I pushed myself up, feeling a crunch beneath my hand. I’d cracked a dog’s skull. I looked over at monster-woodpig-Mac and it wasn’t funny anymore. I felt sick again, drowning in bodies, no breath, no breath, trying to move, trying to get to Devil, my hands and feet crushing bodies. I couldn’t get free of them, they cracked and groaned and burst beneath me, tumbling after me as I tried to move away. I was sick again, sick onto the animals.
When I reached Devil I recognised the cat. Ruby was a year old ginger that belonged to my neighbour Mrs Summers. Devil had wanted to be friends with her, but she’d only hissed and scratched at him, until one hot summer’s day Devil was lying in our garden and Ruby came along and sat on top of him like they were best friends. Devil lay there like it was all normal, letting Ruby lick his ear.

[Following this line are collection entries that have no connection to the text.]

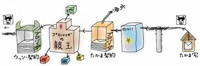 電話から私の契約してるプロバイダに電話をかけます。 |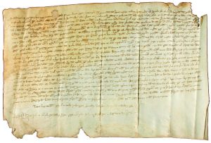 1318. (CORRO DE DALT). PERE BROU Y SU MUJER SANCIA, DE LA PARROQUIA DE SANT MAMET DE CORRO DE DALT, VENDEN A BERNAT SALA, TAMBIEN DE CORRO, UN CAMPO LLAMADO ´TRIA´, BAJO DOMINIO DEL REY. Manuscrito sobre pergamino,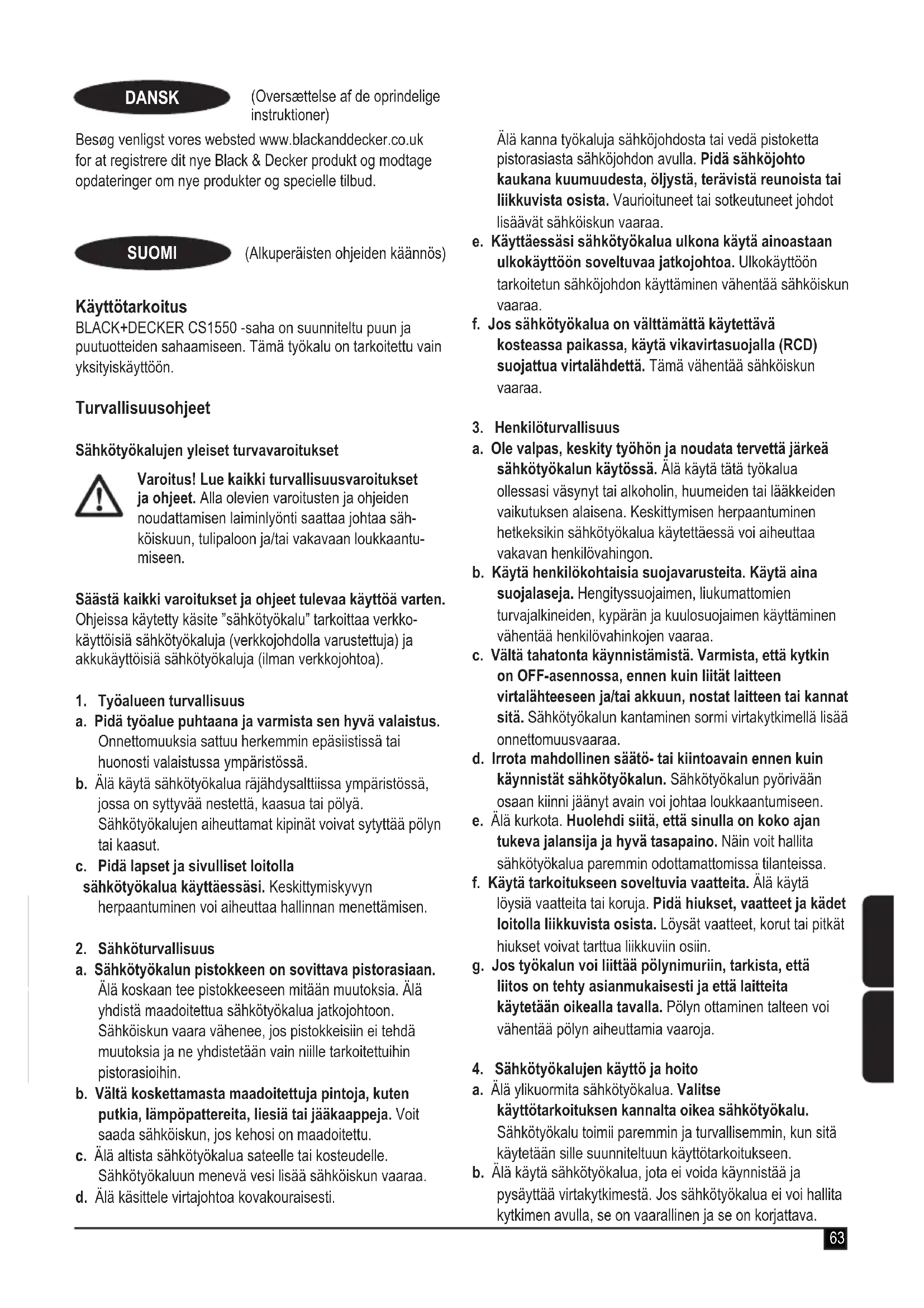 KÄYTTÖOHJE CS1550K BLACK & DECKER
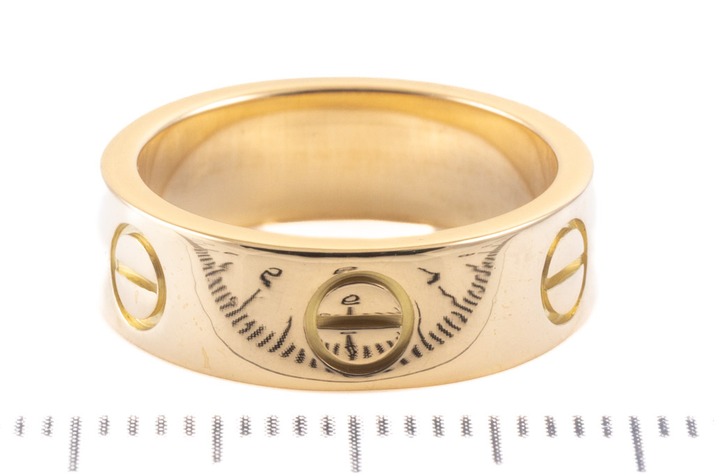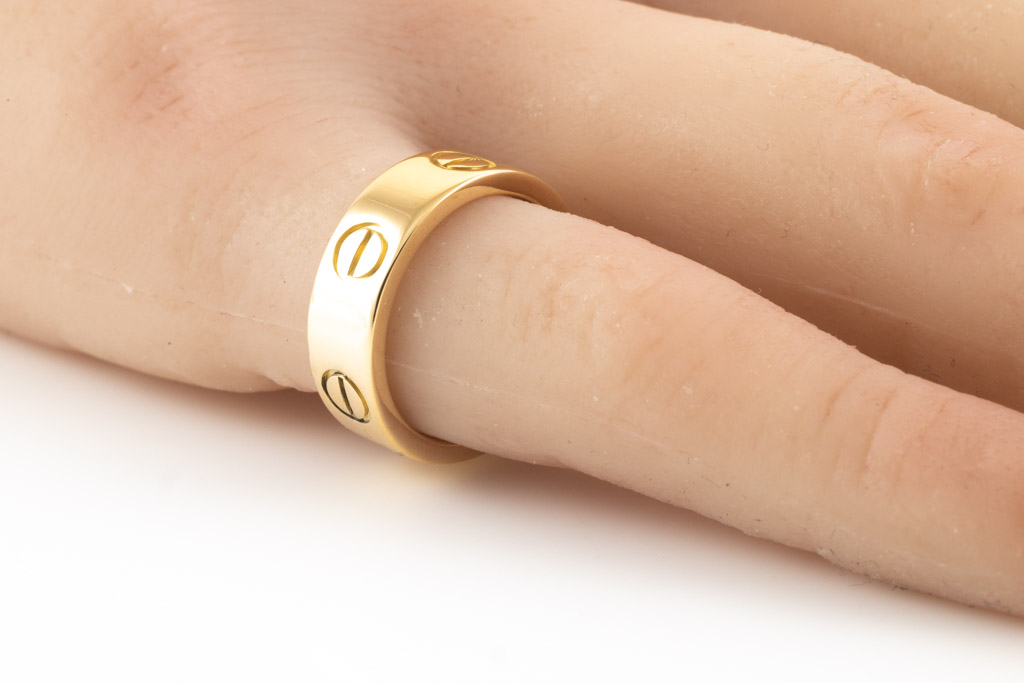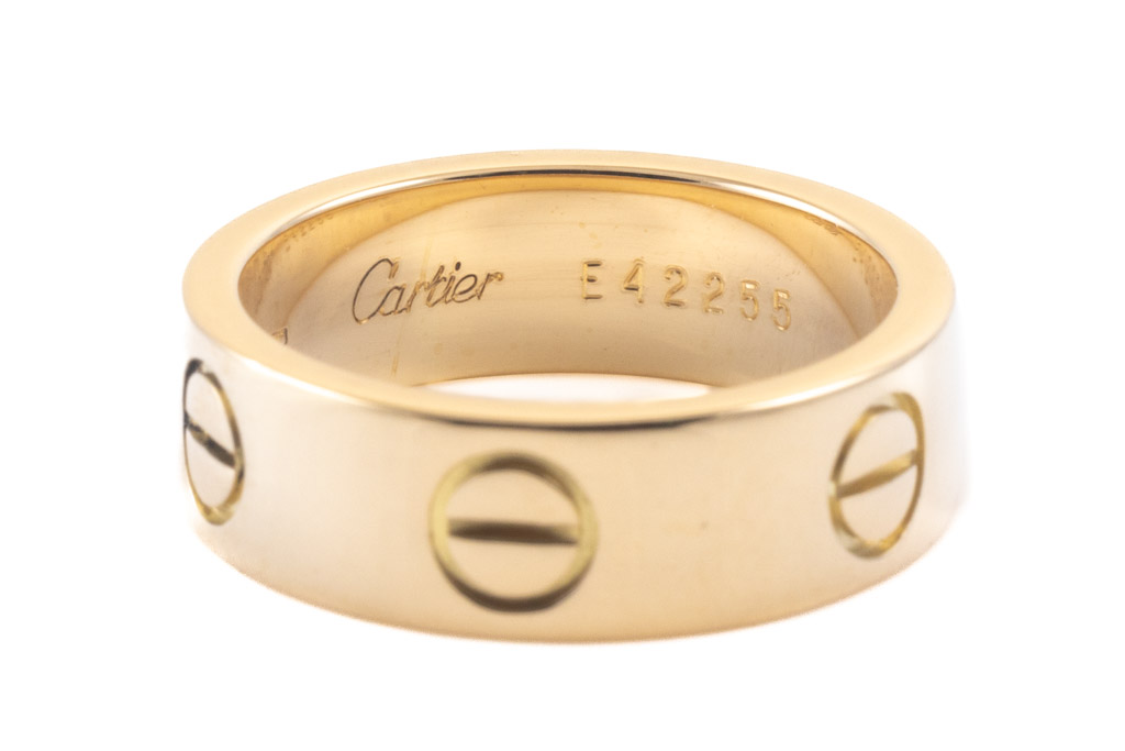 Cartier Love Ring. 18ct yellow gold. Cartier stamped size 49, I - ring resizing is not recommended. Width: 5.5mm. Weight 7.2g. (Pre-owned)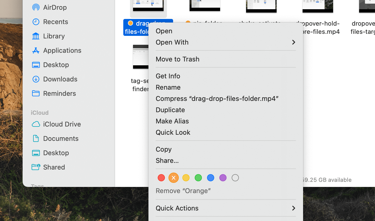 For example, using Dropover, you can select a file and shake it to activate a floating shelf where you can then drag and drop your selected files onto the shelf to hold them for later:

I picked her up and Devil barked at me. She was damp and smelled of pee. She must have wet herself when she was killed.
‘It’s Ruby,’ I said to Mac. ‘I’m taking her home, giving her a proper burial.’
‘Who’s Ruby?’
‘Mrs Summers’ cat. She was friends with Devil.’
Devil stood on his hind legs and licked her dangling tail.
‘I don’t believe it,’ I said. ‘I bet it’s Nazi spies infiltrating us, telling everyone to kill the pets, telling everyone it’s for the best.’